California Dreaming

This semester one of my classes is called “Dreams, Visions, Myths,” and at our last class we learned about how dreams were “incubated,” or induced, in ancient Greece in temples of Asclepius, the god of healing. People visited these temples hoping to be cured of various ailments. After a ritual bath and sacrifice, they were led into the temple to a stone slab where they would sleep that night. The hope was to receive a healing dream and leave the temple cured the following morning. An inscription at an Asclepieium in Africa reads, “Go in good, come out better.” (See Healing Dream and Ritual by C.A. Meier for more.)

So I was sitting there in class, taking notes as fast as I could because it was all so fantastic, and next thing I knew the teacher said, “We’re going to incubate some dreams now and see what happens.” She had us push back all the chairs, and we each got a blanket to spread out on the floor, just like in kindergarten. Then she turned out the lights, and led us — single-file and silent — out the room by one door, around the building, and back into the room by another door. We lay down, each on our own blanket, and she talked us through a guided meditation where we were to imagine we were on stone slabs in a temple. Then she stopped talking, and the room was quiet for half an hour.

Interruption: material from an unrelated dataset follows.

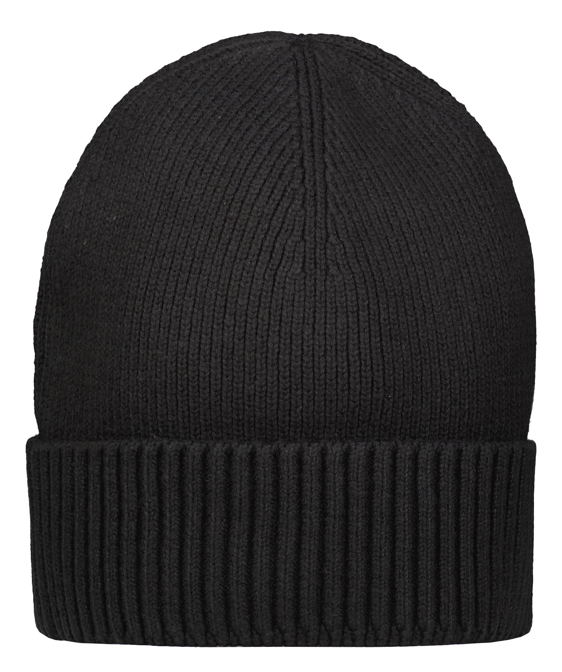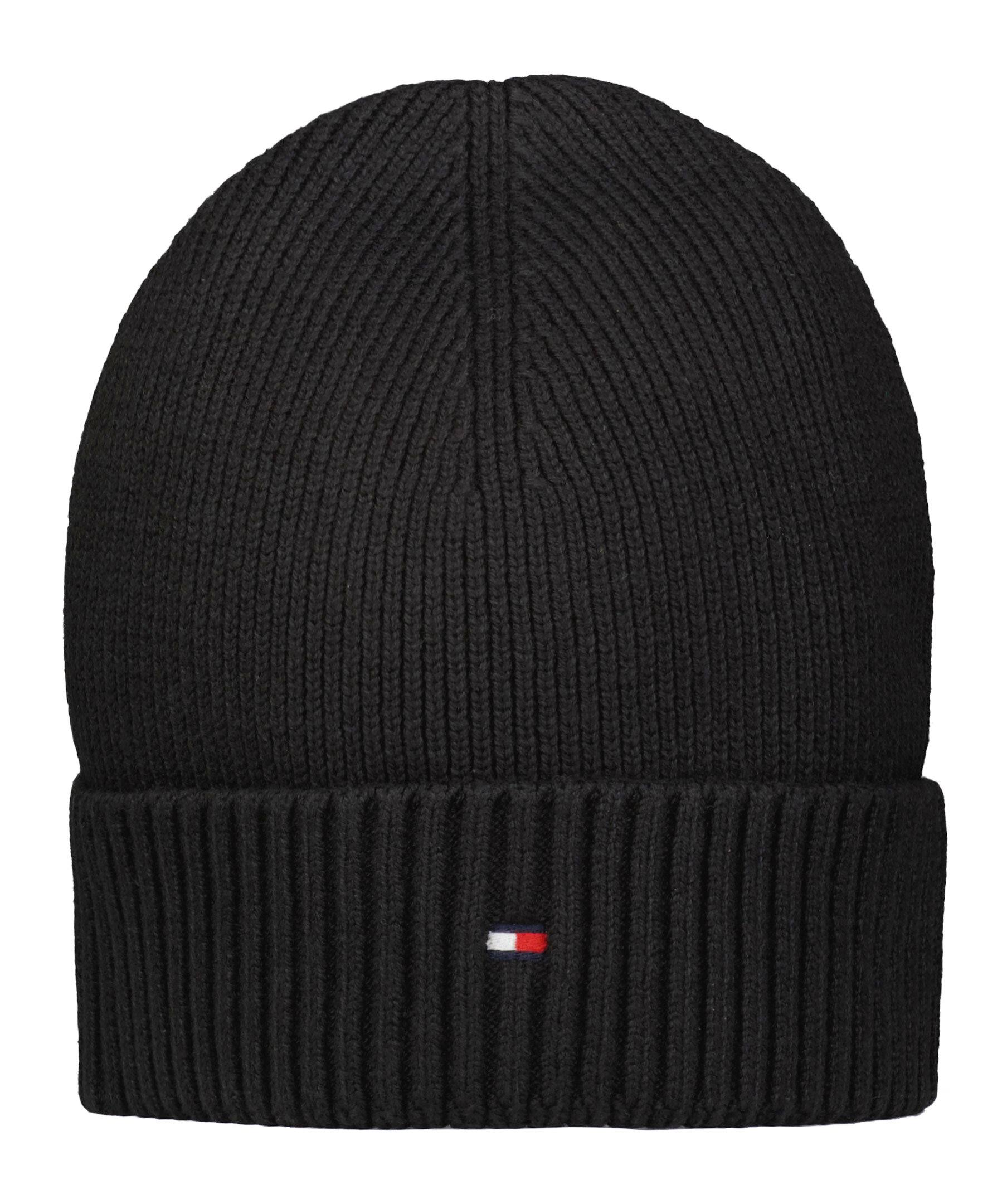 Svart mössa från Tommy Hilfiger. Uppvikt kant med broderad logga. Tillverkad i bomull- och kashmirblandning.

I lay there thinking, This is fun, but come on, are we really supposed to dream? In half an hour? Lying on a hardwood floor somewhere in California? And so on and so forth, and next thing I knew, right over the mental chatter, something happened. I don’t know whether to call it dream or vision or imagination, but it was definitely visual, it occurred in the realm of the inner eye, and it wasn’t consciously willed. Here’s how I scribbled it into my notebook right afterwards:

I’m in a dark area. Behind me someone reaches forward and hands me something. Without turning around I reach back and take it, like a baton in a relay race. But it’s not a baton, it’s a stoppered vial. I open it and a pale blue mist rushes up and takes the shape of a beautiful woman. She smiles at me, leans down, cradles my jaw with both hands, and kisses my lips. Then she envelops me, the mist is all around my body, then it flows in through my skin. I exhale into the vial, exhaling the pale blue mist. I put the stopper back on the vial, and hand it forward, to another hand, this one reaching back toward me out of the darkness.

In my memory, the mist tingled inside my body, and the blue woman was really happy to see me. It felt fantastic, and it was clear that it was to be shared. So, here you go. Yours can be the hand that receives the vial next, if you’re so inclined.